A new book tracks the brewery’s rise from Clybourn Avenue to an Anheuser-owned
conglomerate.
Big Beer versus small craft. Global versus local. Commerce
versus creativity. Chicago
versus the world. It’s all at stake in Tribune columnist Noel’s meticulously
reported tome, which tracks how little Goose Island
got in bed with A-B’s Goliath, sparking a war of ideas in the beer business
that has raged since. Chief among its conflicts: What does it mean to be a
craft beer? Where is the line of authenticity? Are you a Chicago
brewery if most of your beer is made in New York
and Colorado ,
like Goose’s is today? And do consumers even care?

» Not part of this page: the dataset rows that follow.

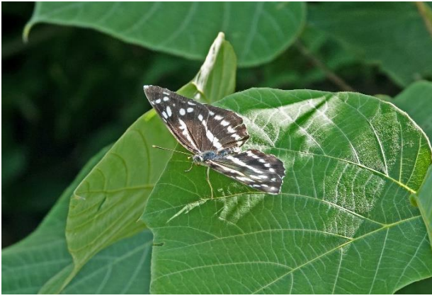
オオミスジ 7月中旬 山梨県
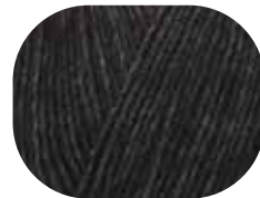
schwarz meliert 00099
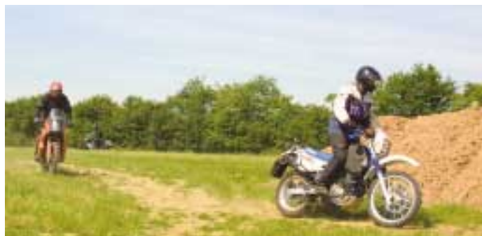
Fahren im Stehen: zunächst ungewohnt, mit der richtigen Körperhaltung aber nicht mehr als reine Übungssache (unten).
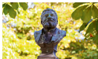
Les 100 ans de la panthéonisation de Jean Jaurès
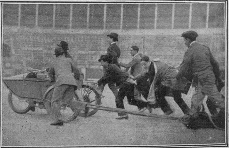
Un arrastre en motocicleta.

If you’ve got a stake in these questions, Noel’s book is
required reading. (And if beer is nothing more to you than a commodity on a
grocery shelf, well, the converse is true.) Noel spends Part One of the book
taking a loving look at the roots of American craft brewing. He rehashes
Goose’s late-’80s origin story—including a now-apocryphal tale in which founder
John Hall, then an exec at a cardboard box company, is inspired to start a
brewery by a story in a Delta inflight magazine—right down to the stench of
burning tires that accompanied the first batch of Bourbon County Stout.

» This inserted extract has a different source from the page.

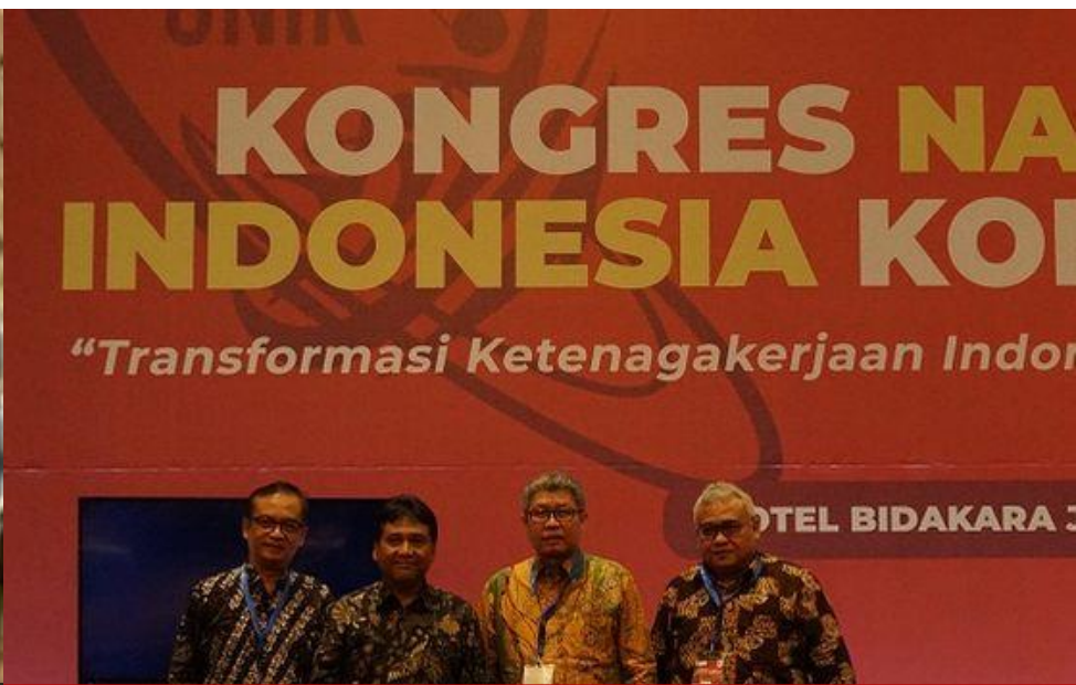
KONGRES NASIONAL INDONESIA KOMPETEN

Those passionate about craft beer will love Noel’s
sepia-tinged account of a time when IPAs and stouts, bitters and Belgian
tripels, were nothing more than cute anomalies in a world dominated by light,
fizzy lager. Noel susses out wonderful details of Goose Island’s infancy, like
Hall modeling its first brewpub after TGI Friday’s and the departure of the
company’s first brewer (forebodingly, due to Budweiser being sold from a Goose
Island stand at a street festival).
Noel also finds that even from the beginning, Hall
envisioned a day when he’d sell Goose
Island ; he just figured
Heineken’s name would be on the check. Part One of the book comes to a natural
end on the morning of March 28, 2011, when Hall tells a room of furious
employees that he’s sold their beloved microbrewery.
In Part Two, Noel pulls back the curtain on Anheuser-Busch,
focusing on how the Saint Louis
conglomerate became one of the largest companies in the world. Among their
tactics: corporate consolidation, cost-cutting, bullying beer distributors, and
buying a slew of craft breweries between 2013 and 2017, including Seattle’s Elysian,
Colorado’s Breckenridge, L.A.’s Golden Road, Asheville’s Wicked Weed. The lot
of them signed up, sold out, and endured varying degrees of retribution from
the craft community.
Little Goose
Island endures a
nightmare along the way. As A-B chews through new and bigger craft
acquisitions, the newly corporate Goose
Island makes mistake after mistake,
getting pilloried for each misstep (Google “Goose Island
sellout” and you’ll get 70,000 results). A-B’S big-beer tactics fail miserably
in the craft beer market. The company rolls out 312 Urban Wheat nationally
behind Hall’s back; uninspired spinoffs like Urban Pale Ale tank; top-down
recipe rollout leads to boring brews, like the quickly discarded Ten Hills IPA.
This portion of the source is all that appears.